At this stage, it is important to emphasize that the PLIC simulations were not stable enough to deal with the initial discontinuities. The droplets inside the domain were set with an initial velocity and the air around them was quiescent. Even for small time steps and for very fine meshes, the discontinuities of the simulation setup caused the PLIC simulations to diverge. The simulations for the PLIC scheme were then run only with incoming droplets from the inlet boundary region. This was not the case for the HRIC simulations, which were able to handle the discontinuities.
For the simulations, the adaptive time step was used. The variations were dependent on the CFL number and exhibited significant differences for HRIC and PLIC simulations. For the HRIC scheme, the simulations were run with a time step of approximately 5 × 10 6 s, while the simulations using the PLIC scheme were run with a predefined minimum time step of 1 × 10 7 s, which means that it would require even smaller time steps. These findings are in contrast with the results observed for flows aligned with the mesh presented by de Lima et al. [8].

3.2.2. Numerical Results

To visualize the computational effort required for the simulations, a graph was generated for an HRIC simulation. This graph includes the number of cells and memory usage in MB, as shown in Figure 15. For the sake of brevity, the results are presented only for HRIC, as the graph for PLIC behaves similarly. The main difference is that, for the same setup, HRIC required more cells than PLIC (approximately 1.5 million cells for HRIC compared to 1.1 million cells for PLIC). This resulted in a greater memory requirement for HRIC simulations (around 9.2 GB for HRIC compared to 7.5 GB for PLIC). Additionally, the graph shows that simulation requirements and the number of cells increase with simulation time due to the adaptive mesh refinement, which generates more cells during film formation and the issuing of new droplets. This behavior continued until there was a flow out of the computational domain, at which point the simulation reached a maximum number of cells and then stabilized. Note that there was an increment of more than 50% in the number of cells.
For numerical validation purposes, three cases were chosen to build a graph similar to Figure 8. The case with the smallest Scd is called Case 1, the second smallest Scd is called Case 2, and the case with the greatest Scd is called Case 3. For this set of physical and numerical experiments, the droplet size was kept constant and its diameter was 0.645 mm. The same procedure was then carried out for the simulation cases, with the impact angle changed.
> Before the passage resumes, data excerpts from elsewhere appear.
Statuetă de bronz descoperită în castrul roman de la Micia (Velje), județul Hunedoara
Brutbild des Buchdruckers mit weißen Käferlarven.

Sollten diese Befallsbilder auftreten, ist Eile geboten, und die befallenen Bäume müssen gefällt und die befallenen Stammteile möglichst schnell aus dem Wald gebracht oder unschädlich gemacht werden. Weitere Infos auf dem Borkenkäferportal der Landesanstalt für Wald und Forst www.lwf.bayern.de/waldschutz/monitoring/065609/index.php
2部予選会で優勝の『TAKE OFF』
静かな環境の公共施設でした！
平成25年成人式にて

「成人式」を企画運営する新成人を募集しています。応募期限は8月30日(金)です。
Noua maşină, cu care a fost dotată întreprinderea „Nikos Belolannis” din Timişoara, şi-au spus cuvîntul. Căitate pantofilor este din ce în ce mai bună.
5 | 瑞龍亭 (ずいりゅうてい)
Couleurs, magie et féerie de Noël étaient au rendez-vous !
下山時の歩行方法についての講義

The results are summarized in Figure 16, which contains the results of the numerical simulations. For the first set of simulations presented in this figure, only half of the domain was used to save simulation time, except for the simulation marked with a black square, which was run to test the symmetry boundary condition approximation. The results are qualitatively discussed throughout this section.
These cases were chosen to cover the range of the experiment, from partial deposition (Case 1) to medium cases where the Scd parameter directly influences the pool size (Case 2), and to cases where a small change in the Scd parameter value results in a large variation in the pool size (Case 3).
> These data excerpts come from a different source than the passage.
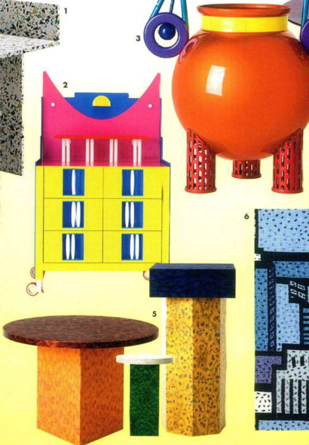
3/Sculpture "Juno" en aluminium, collection Raw & Rainbow, design Serena Confalonieri, édition limitée, l. 35 x h. 60 cm, 6000 €, ALTREFORME.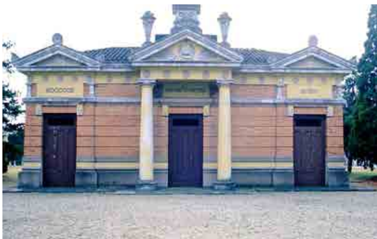
אהל ציון אחד הצדיקים בבית העלמין במודינא

מתיאור זה עושה רושם נכבד מגדולת משפחתו של רבינו שהיו בעלי תורה חכמה ועשירות מופלגת, ומהלכים להם בקרב המלכים והשרים. ומהם יצא חכם דגול בעל שיעור קומה כרבינו.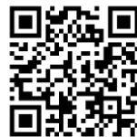
NCCニュース映像は上記より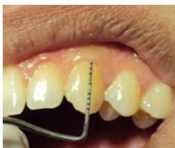
شکل ۳- لثه ضخیم

ضخامت لثه مارژینال توسط پروب ویلیامز و مشاهده سایه پروب صورت گرفت. بدین صورت که پروب در ناحیه مید باکال دندان مورد نظر وارد سالکوس لثه شد و اگر سایه پروب از روی لثه دیده می‌شد لثه نازک (شکل ۲) و اگر دیده نمی‌شد لثه ضخیم (شکل ۳) بود. (۱۵)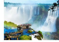
จุดชมวิว Devil's Throat

DAY5 อุทยานแห่งชาติอิกวาซู (ฝั่งอาร์เจนตินา)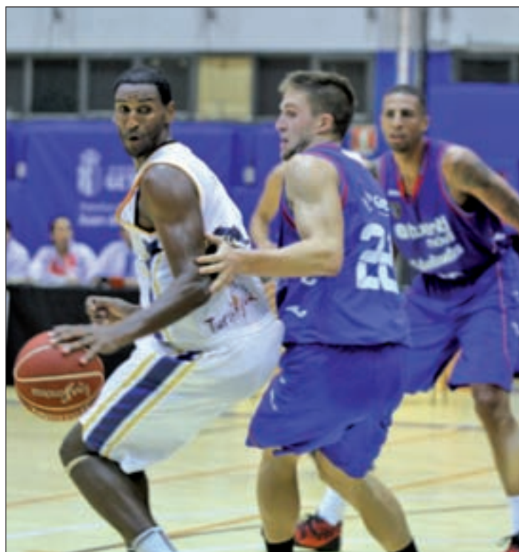
Nueva alegría para el equipo colegial

De este modo, el Movistar Estudiantes sigue con un triunfo de margen respecto a la zona de descenso, aunque este sábado deberá someterse a otro examen de altura en la cancha del segundo clasificado, el Unicaja Málaga. Laboral Kutxa Baskonia y Morabanc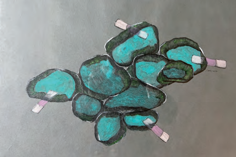
Marjorie Méa Panser-paysage , en cours depuis 2022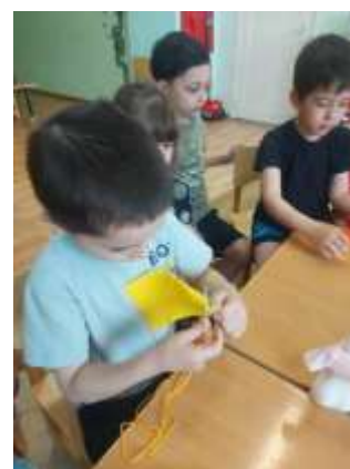
Домашнее задание. «Моя мама мой наставник».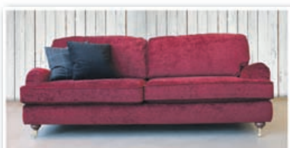
Birmingham 3ja sæta kr. 247.800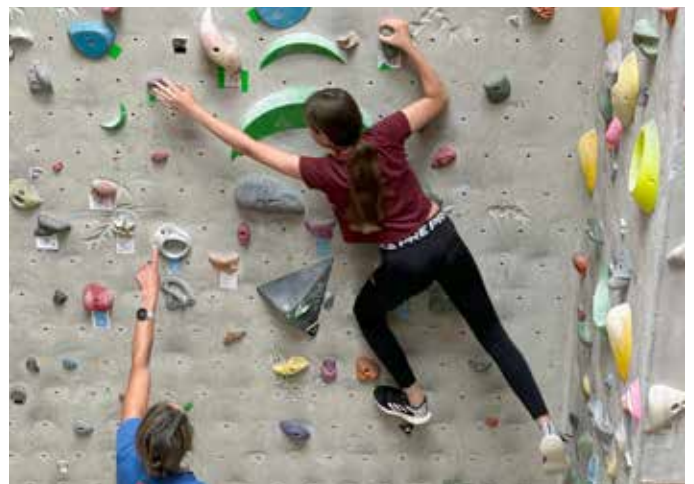
An der Kletterwand des Alpenvereins bewiesen die Jugendlichen Mut und Geschicklichkeit.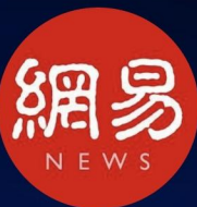
新闻媒体 @网易新闻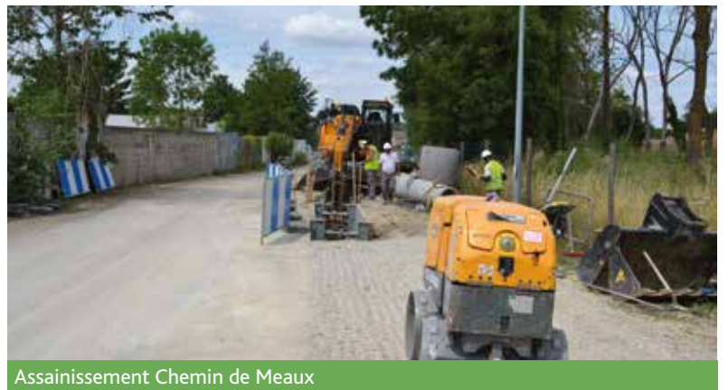
Assainissement Chemin de Meaux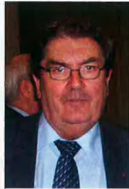
John Hume Líder dels socialdemòcrates. És considerat l'arquitecte del procés que va permetre el pacte. Premi Nobel de la pau.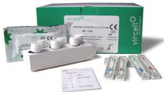
Ref. VR002 25 tests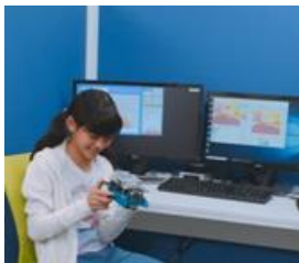
きっずプログラミング体験 「ロボットを操縦してみよう！」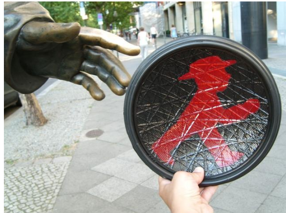
Stvaranje čoveka koji se krije u svakom od nas... Budapesterstrasse, spomenik Alexander von Humboldt-u, naučniku i istraživaču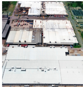
Planta de Hilatura CK Tipo de Cable: THHN/THWN / XLPE CU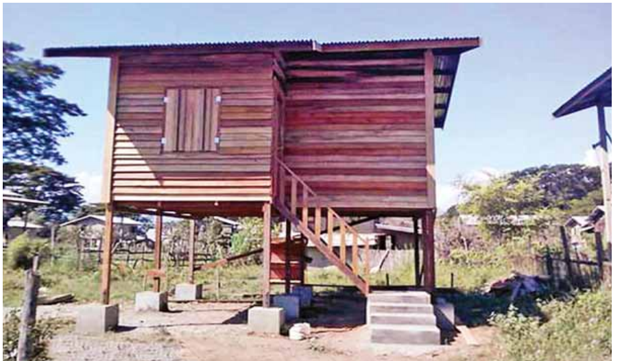
ပြင်သာကျေးရွာ၌ တည်ဆောက်ထားသော အိမ်အမှတ်(၇)ကို ၁၂-၁၁-၂၀၁၅ ရက်က တွေ့ရစဉ်။

From Figure 16, it is observed that in Case 1, both schemes presented very similar results regarding the dimensionless pool size. The difference between the experimental and numerical results is partially explained by the fact that neither scheme could predict the partial deposition expected in this case. For Case 2, both schemes presented very good agreement with the experimental results. In Case 3, it is noteworthy that both schemes under-predicted the results of the physical experiments, which contradicts the findings in the other two cases. To further investigate this discrepancy, test cases were conducted for each of the two methods with the wall model disabled. As anticipated, the results deviated even further from the physical experiment.
To analyze the shape of the droplets generated for each scheme, Figure 17 was generated for the PLIC and HRIC schemes, shown on the left and right sides, respectively. To track the interface between the fluids, a sampling line was drawn vertically in the middle of the droplet, as illustrated in Figure 17a, and the values of α were plotted along this line in Figure 17c for the PLIC scheme. The same procedure was followed for the HRIC scheme in Figure 17b,d.
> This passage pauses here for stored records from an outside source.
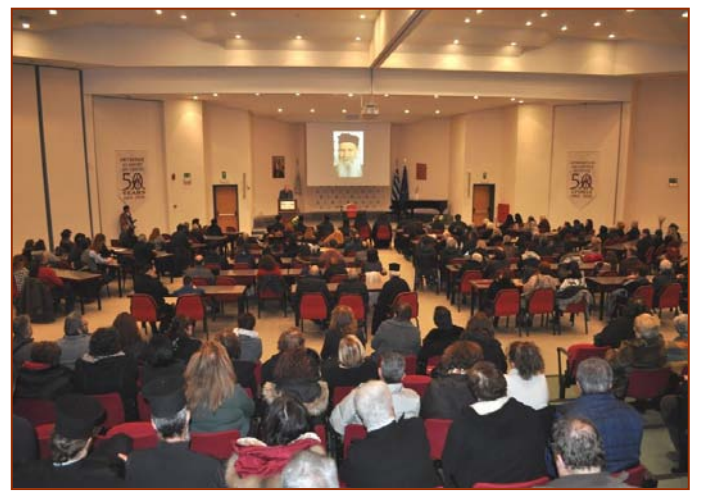
Ο Όσιος Ιάκωβος όπως τον γνώρισα (βλπ. 2614)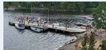
Blekinge Båtförbunds sjösportsläger på Tjärö hade 29 deltagare i år.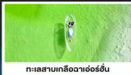
ทะเลสาบเกลือดาเอ๋อร์อัน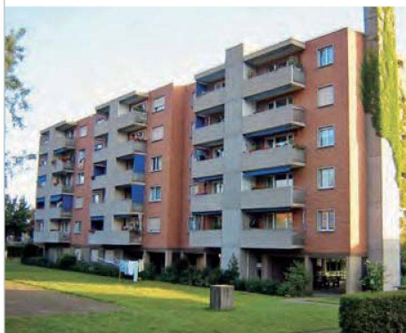
Hochhaus im früheren Zustand.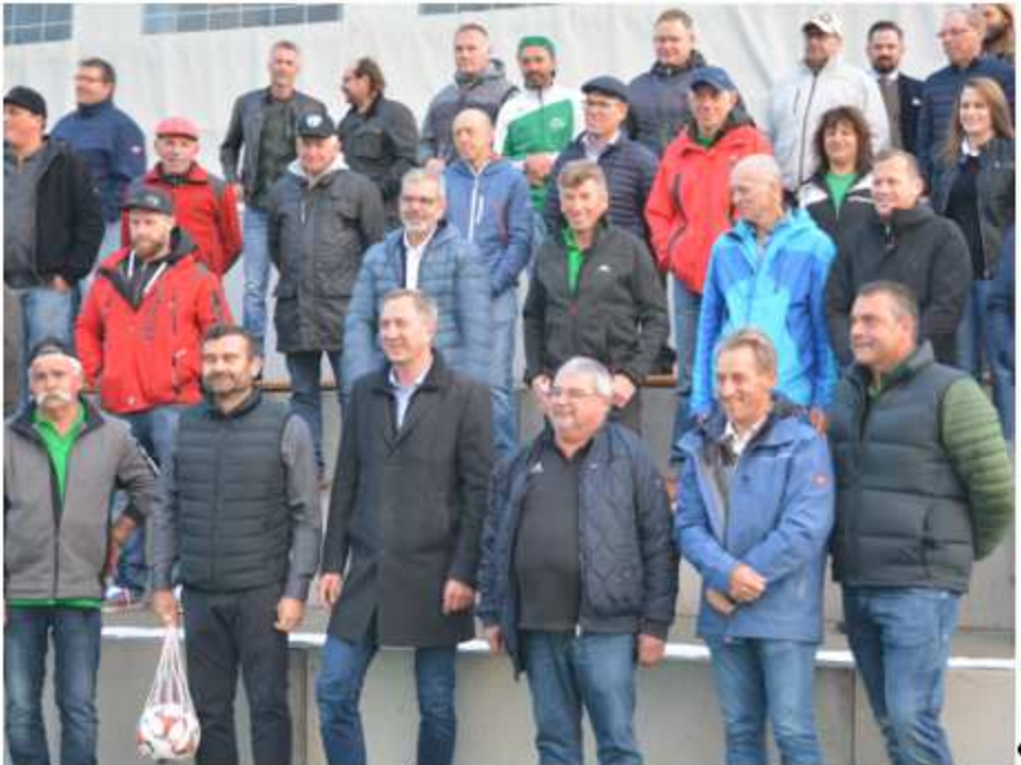
Strahlende Gesichter während der Platzübergabe!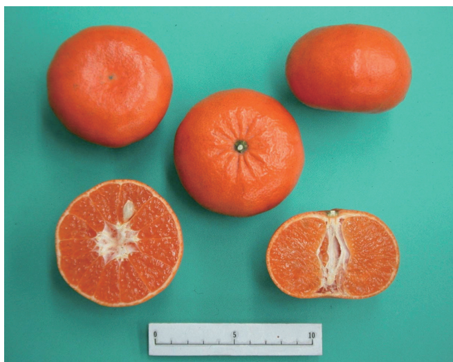
Fig.2 Fruit of 'Reikou'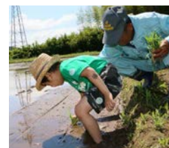
体験型観光モニターツアーの様子

The HRIC scheme exhibits numerical diffusion, evident from the interface smearing in Figure 17b. The AMR algorithm also refines the mesh in this smearing region for the HRIC scheme, which contributes to increasing the number of cells. This effect is also clear in the graph illustrated in Figure 17d, where instabilities near the interface are observed. The underlying cause lies in the approach used to reconstruct the interface between the fluids within the HRIC scheme, as detailed in the Numerical Model section.
No virtual numerical diffusion is observed in the PLIC scheme as shown in Figure 17c. This behavior is due to the purely geometric interface reconstruction of the scheme. Also, the droplet shape for this scheme was disturbed by the non-alignment of the droplet velocity and the Cartesian mesh. The droplet approached a diamond shape instead of a sphere. This poor prediction of the droplet shape leads to the formation of the pool in a similar way. The pool formation after droplet impingement on the wall is illustrated for Case 3 using the PLIC scheme in Figure 18 and HRIC in Figure 19. These images illustrate the results of the simulations considering half of the domain with a symmetry boundary condition. Notably, the pool shape in the PLIC scheme closely resembles a diamond shape similar to the form of the impinging droplet. On the other hand, the prediction of the HRIC scheme was more rounded and, therefore, closer to the shape captured by the images of the physical experiment. To enhance visualization, the images are reflected along the symmetry boundary condition, marked by the white line in the middle of each image.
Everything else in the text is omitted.